La psychiatrie, la précarité, la psychiarité d’un pauvre psychiatrisé

En avant !
Nous sommes tous dans la même galère
Nous ramons, nous ramons, encore et encore
Et la vie nous fouette avec ses grands airs
Nous guide jusqu’au sang pour ne pas perdre le nord
Définitions de la rédaction
Définition de la précarité :
La précarité est une difficulté extrême que subit une personne se trouvant sous un seuil de pauvreté très élevé ; c’est-à-dire l’annulation des garanties de protections sociales diverses, l’absence de mises en sécurité qui protégeaient une personne, une famille, un groupe. C’est aussi la perte violente de leurs droits fondamentaux.
Définition du néologisme psychiarité :
Fusion des mots psychiatrie et précarité. Quand les deux mots sont liés. En clair : vous êtes un psychiatrisé en dessous du seuil de pauvreté, pour ne pas écrire que vous êtes dans la merde. À savoir que ce texte non romancé ci-dessous peut être dur à lire pour les lecteurs aux âmes sensibles.
Définition de psychiatrisé :
Patient pris en charge, parfois de façon abusive, par la psychiatrie.
Témoignage et introduction en psychiatrie :
Avant toute chose, sachez que je vais traiter de sujets que je maîtrise parfaitement. Car même si je suis né loin du ghetto et de la misère, dites-vous que je reviens de très loin, que je suis un chanceux, un trompe-la-mort qui a connu une galère incroyable et qui est encore debout malgré tout ça. J’ai connu la rue dans toutes ses paillettes de couleurs, toutes ses odeurs ; je transpirais la pauvreté en 2011, alors que je gagnais très bien ma vie avant ce déclin. Évidemment, je ne raconte qu’un quart de ma phase de vie compliquée. Peut-être qu’un jour j’écrirai un livre sur la résilience. Mais pour l’heure, place au journal corrosif d’un usager de la psychiatrie.

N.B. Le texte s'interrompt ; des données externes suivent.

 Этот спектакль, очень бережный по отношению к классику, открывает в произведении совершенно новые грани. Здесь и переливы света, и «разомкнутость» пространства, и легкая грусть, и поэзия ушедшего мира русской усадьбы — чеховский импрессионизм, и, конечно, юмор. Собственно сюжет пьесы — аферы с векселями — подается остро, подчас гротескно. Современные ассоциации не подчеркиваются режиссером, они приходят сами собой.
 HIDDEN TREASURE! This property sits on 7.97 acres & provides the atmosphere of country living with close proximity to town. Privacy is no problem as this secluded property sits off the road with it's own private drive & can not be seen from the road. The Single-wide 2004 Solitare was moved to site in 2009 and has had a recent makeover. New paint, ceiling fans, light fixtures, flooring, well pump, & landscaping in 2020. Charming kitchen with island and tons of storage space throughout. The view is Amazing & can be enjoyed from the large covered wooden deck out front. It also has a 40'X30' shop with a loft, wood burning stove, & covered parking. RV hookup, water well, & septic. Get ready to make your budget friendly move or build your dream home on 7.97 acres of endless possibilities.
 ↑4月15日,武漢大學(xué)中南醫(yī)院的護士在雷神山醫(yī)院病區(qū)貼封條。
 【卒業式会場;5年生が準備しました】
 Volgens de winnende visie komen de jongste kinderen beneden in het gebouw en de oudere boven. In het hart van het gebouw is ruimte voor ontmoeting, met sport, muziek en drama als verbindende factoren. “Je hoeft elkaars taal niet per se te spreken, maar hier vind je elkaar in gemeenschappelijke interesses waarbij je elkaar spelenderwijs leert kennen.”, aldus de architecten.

En 2011, je suis tombé gravement malade et je suis devenu très faible mentalement, car usé par la maladie. J’étais hospitalisé toute l’année en clinique (dépression et manie en alternance, je suis bipolaire). J’ai cependant aujourd’hui la chance incroyable d’être au chaud, soigné en hôpital de jour et d’avoir un revenu mensuel avec l’Allocation aux adultes handicapés (AAH) en partie et le chômage, puisque j’ai travaillé de la mi-2024 à la fin 2025. Je ne suis donc pas à plaindre, ou plutôt, plus à plaindre.

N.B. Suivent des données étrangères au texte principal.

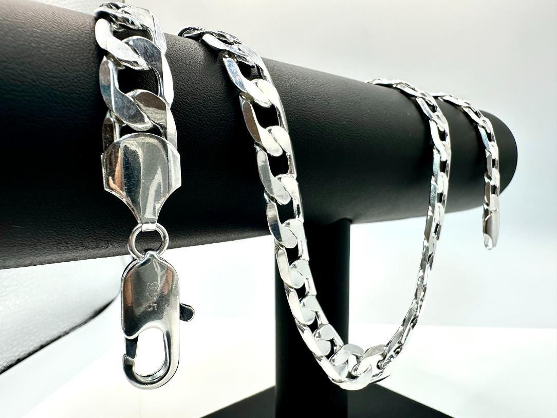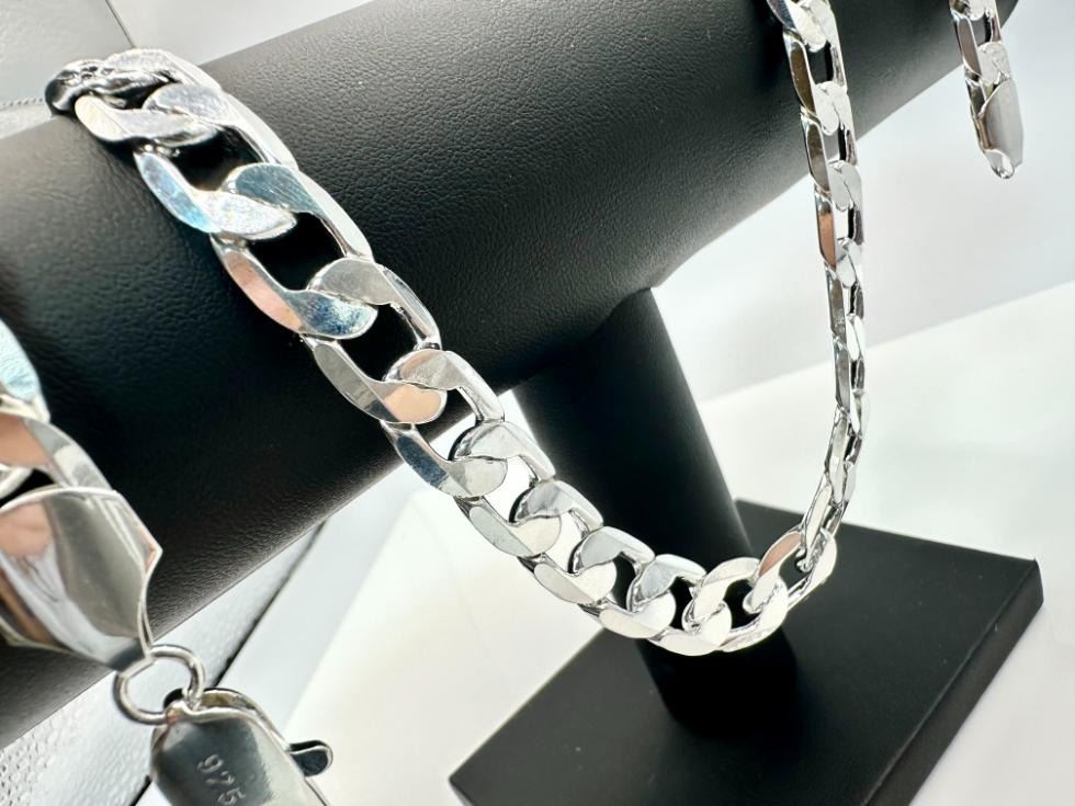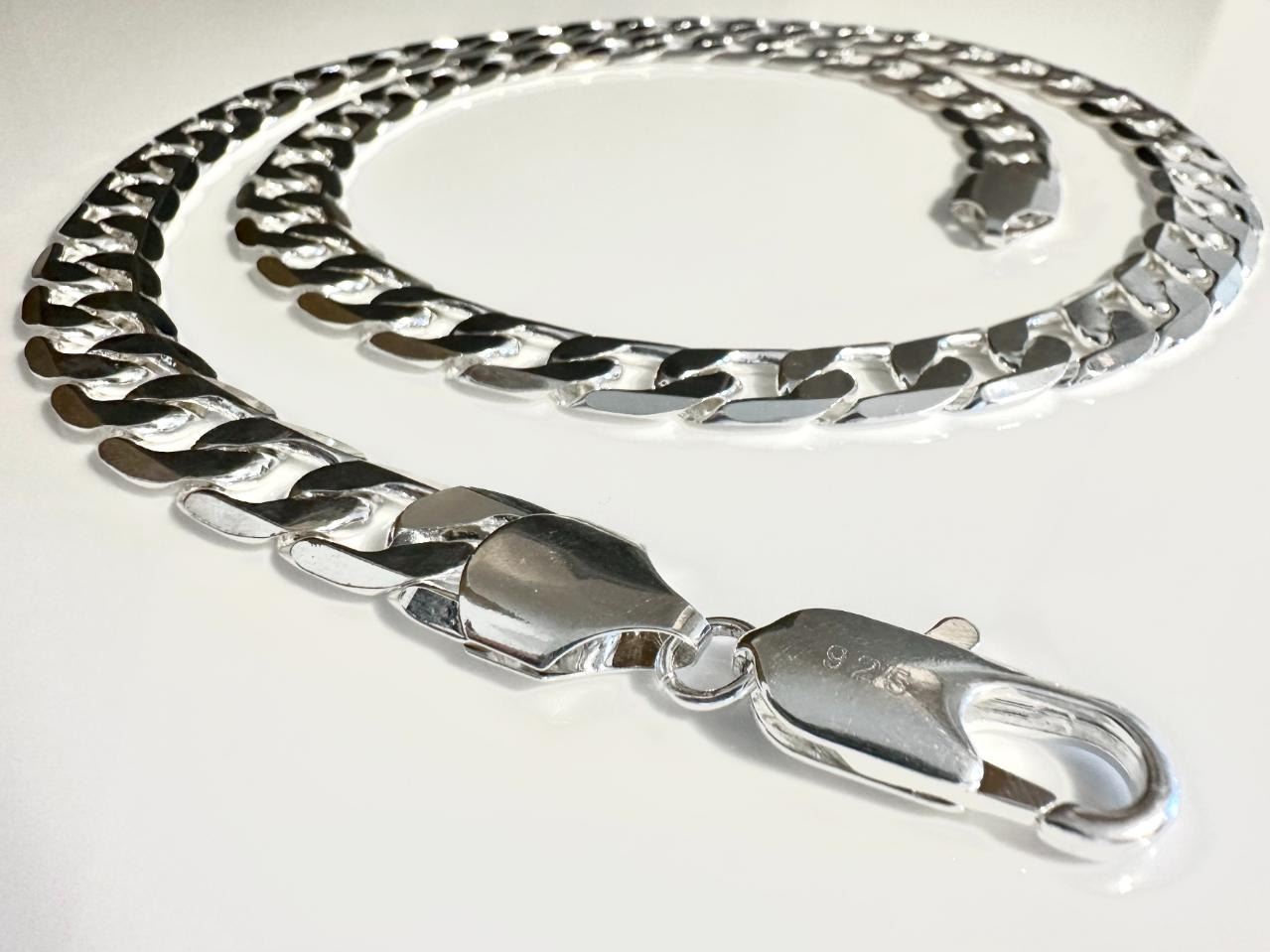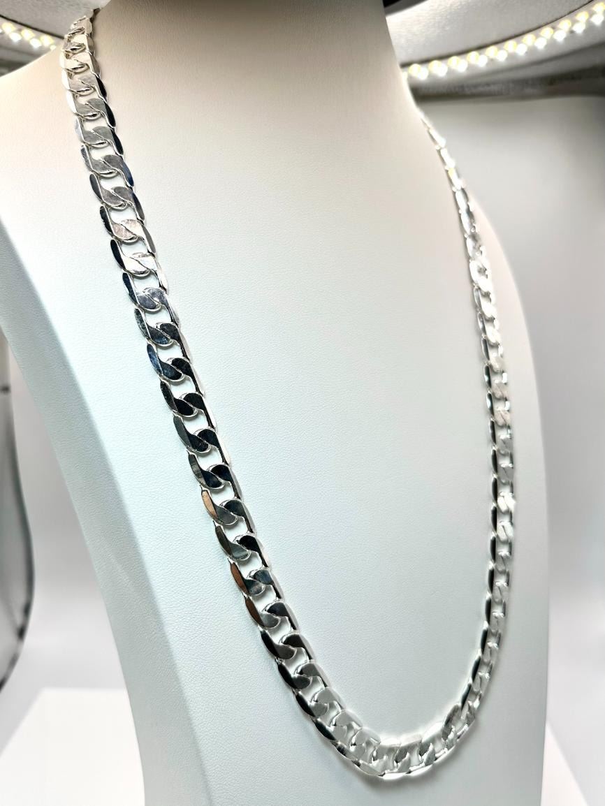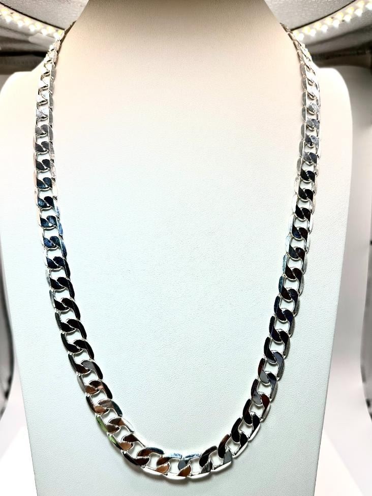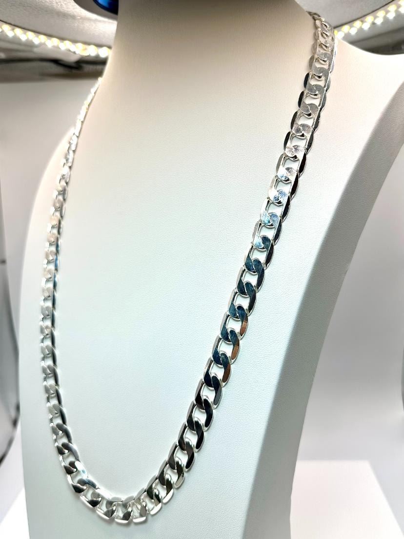 Huge 102 Gram .925 Sterling Silver Flat Cuban Link Chain Necklace. This Fine Silver Necklace Is a Fine Solid Diamond Cut. This necklace measures 30 inches long and a healthy 12 mm. thick. This high-quality silver necklace looks and feels like solid silver without the extra price. This necklace is extremely well made.

Pour comprendre une petite tranche de ma vie de merde qui s’est fortement améliorée à ce jour, j’ai écrit un livre-témoignage sur les galères que j’ai dû subir et combattre en psychiatrie. Un récit ou un journal de bord sur la psychiatrie en France : La psychothèque ou la communauté des fous.
Psychiatrie, précarité, psychiatrisé, action !

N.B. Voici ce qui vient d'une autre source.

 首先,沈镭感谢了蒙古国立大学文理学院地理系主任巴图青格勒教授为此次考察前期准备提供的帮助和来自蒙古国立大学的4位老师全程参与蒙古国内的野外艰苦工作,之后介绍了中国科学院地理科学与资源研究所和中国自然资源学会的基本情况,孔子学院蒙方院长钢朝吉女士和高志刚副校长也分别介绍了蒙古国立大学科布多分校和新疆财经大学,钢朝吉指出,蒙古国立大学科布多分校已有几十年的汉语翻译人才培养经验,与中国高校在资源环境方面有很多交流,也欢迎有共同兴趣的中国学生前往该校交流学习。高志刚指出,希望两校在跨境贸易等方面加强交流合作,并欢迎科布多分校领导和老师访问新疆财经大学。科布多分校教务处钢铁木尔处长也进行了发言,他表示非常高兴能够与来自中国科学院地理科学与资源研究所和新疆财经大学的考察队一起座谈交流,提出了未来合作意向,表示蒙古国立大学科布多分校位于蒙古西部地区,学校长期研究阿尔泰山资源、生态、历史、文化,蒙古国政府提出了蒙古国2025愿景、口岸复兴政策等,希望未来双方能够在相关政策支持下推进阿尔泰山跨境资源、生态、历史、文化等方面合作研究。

Très peu médiatisée objectivement, la psychiatrie est l’enfant pauvre de la médecine. En bref : osef. Je vais vous conter un minimum la précarité dans le monde de la psychiatrie. Usagers, soignants, psychiatres et même ASH ne seront pas oubliés.
La psychiatrie au commencement
N’ayez pas d’inquiétude, je ne traiterai pas de la psychiatrie pré-XXᵉ siècle. Je témoignerai de la psychiatrie moderne uniquement. Cependant, je vous invite à vous documenter et à visionner des documentaires neutres sur la santé mentale que l’on dénigre en la dévalorisant.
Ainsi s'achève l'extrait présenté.